- [Supplied material]
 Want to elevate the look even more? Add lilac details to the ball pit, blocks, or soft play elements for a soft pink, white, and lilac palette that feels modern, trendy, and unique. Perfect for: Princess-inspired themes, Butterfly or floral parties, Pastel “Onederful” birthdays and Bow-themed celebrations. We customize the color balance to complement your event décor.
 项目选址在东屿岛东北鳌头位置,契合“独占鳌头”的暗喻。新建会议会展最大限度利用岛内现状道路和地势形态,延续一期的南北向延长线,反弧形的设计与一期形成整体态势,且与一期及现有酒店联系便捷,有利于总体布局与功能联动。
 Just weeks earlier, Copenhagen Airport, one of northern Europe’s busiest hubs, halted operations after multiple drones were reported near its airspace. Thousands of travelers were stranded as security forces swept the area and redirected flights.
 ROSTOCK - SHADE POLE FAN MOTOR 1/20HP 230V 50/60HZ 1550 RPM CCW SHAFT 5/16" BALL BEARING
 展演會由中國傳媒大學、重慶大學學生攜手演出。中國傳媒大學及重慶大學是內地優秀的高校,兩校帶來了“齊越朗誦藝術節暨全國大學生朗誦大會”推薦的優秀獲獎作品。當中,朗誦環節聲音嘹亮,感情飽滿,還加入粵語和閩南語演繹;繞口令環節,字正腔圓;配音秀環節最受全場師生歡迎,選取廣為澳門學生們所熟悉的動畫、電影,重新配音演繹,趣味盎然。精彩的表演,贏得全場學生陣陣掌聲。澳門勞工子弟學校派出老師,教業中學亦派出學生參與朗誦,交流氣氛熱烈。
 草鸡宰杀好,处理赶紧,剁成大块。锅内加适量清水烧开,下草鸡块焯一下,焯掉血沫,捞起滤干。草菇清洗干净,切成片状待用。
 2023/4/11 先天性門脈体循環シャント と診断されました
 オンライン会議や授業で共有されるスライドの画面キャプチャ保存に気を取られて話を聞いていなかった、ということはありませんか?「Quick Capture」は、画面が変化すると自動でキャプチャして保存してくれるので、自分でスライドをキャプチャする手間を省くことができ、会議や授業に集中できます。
==
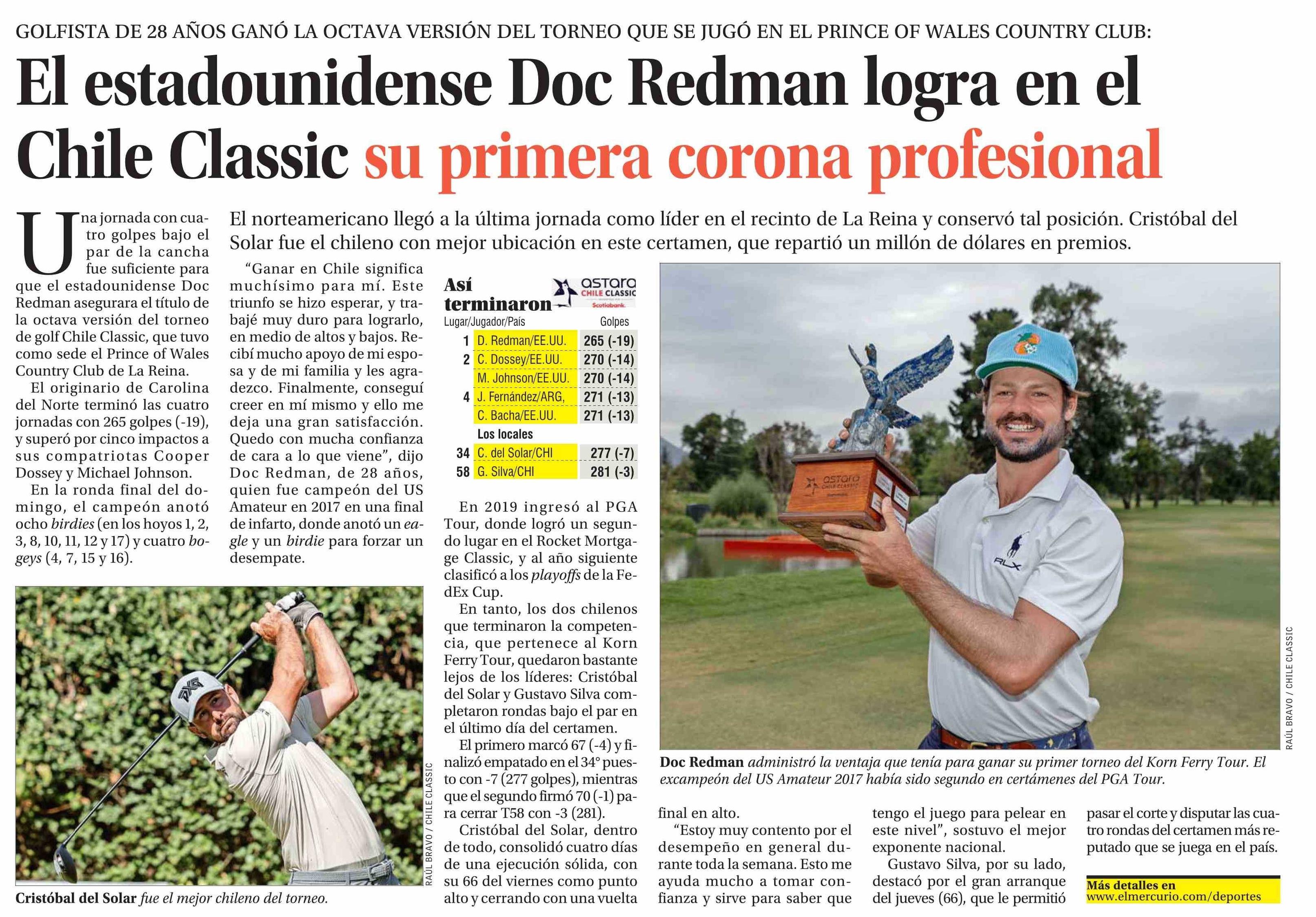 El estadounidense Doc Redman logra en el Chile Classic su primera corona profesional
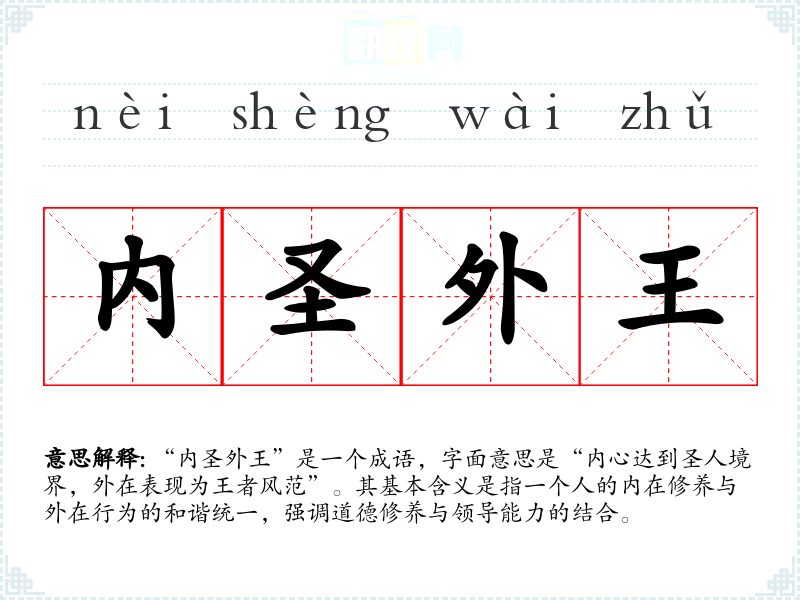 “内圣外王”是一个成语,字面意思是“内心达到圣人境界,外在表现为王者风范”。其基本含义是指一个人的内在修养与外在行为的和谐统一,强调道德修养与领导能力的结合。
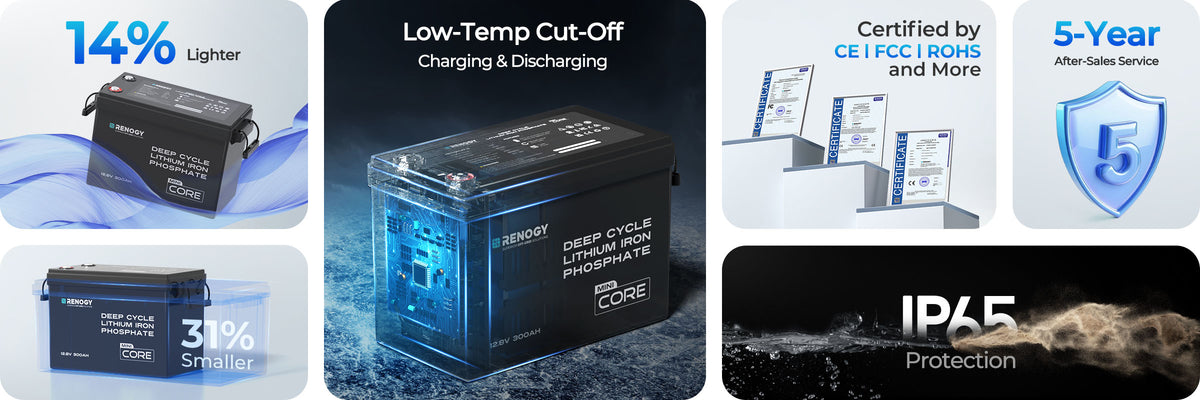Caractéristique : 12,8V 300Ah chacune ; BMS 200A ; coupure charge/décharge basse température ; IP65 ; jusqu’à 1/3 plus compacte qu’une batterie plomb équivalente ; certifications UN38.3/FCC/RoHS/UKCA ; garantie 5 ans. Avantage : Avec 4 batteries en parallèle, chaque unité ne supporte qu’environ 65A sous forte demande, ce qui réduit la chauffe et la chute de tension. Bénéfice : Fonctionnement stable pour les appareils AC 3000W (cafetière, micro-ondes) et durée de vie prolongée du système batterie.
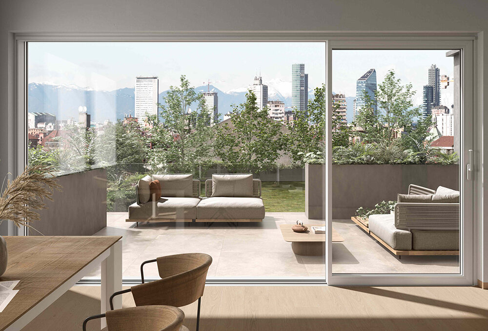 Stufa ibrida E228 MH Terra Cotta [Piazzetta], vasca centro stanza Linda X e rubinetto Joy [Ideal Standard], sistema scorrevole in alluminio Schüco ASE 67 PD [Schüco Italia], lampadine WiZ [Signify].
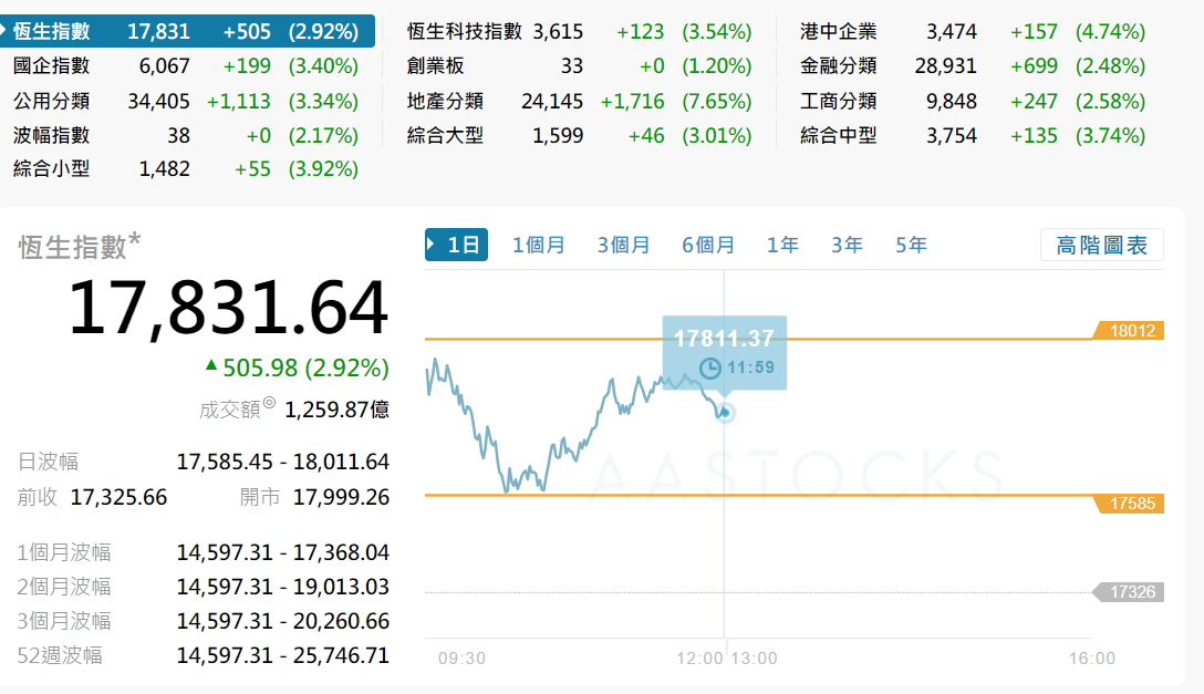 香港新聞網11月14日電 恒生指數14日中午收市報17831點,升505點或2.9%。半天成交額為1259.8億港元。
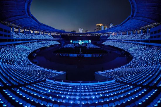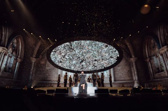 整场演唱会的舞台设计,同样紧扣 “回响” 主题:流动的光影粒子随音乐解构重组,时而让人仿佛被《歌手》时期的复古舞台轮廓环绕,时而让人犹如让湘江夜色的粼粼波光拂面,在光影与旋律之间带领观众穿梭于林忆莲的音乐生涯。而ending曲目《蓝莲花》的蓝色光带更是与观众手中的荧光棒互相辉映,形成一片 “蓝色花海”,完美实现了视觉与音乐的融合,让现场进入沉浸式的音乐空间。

- [Your goal] All that is wanted is an exact copy of the lines above from the one with "草鸡宰杀好,处理赶紧,剁成大" through the one with "オンライン会議や授業で共有さ", with both ends included.

- [Written response]
 草鸡宰杀好,处理赶紧,剁成大块。锅内加适量清水烧开,下草鸡块焯一下,焯掉血沫,捞起滤干。草菇清洗干净,切成片状待用。
 2023/4/11 先天性門脈体循環シャント と診断されました
 オンライン会議や授業で共有されるスライドの画面キャプチャ保存に気を取られて話を聞いていなかった、ということはありませんか?「Quick Capture」は、画面が変化すると自動でキャプチャして保存してくれるので、自分でスライドをキャプチャする手間を省くことができ、会議や授業に集中できます。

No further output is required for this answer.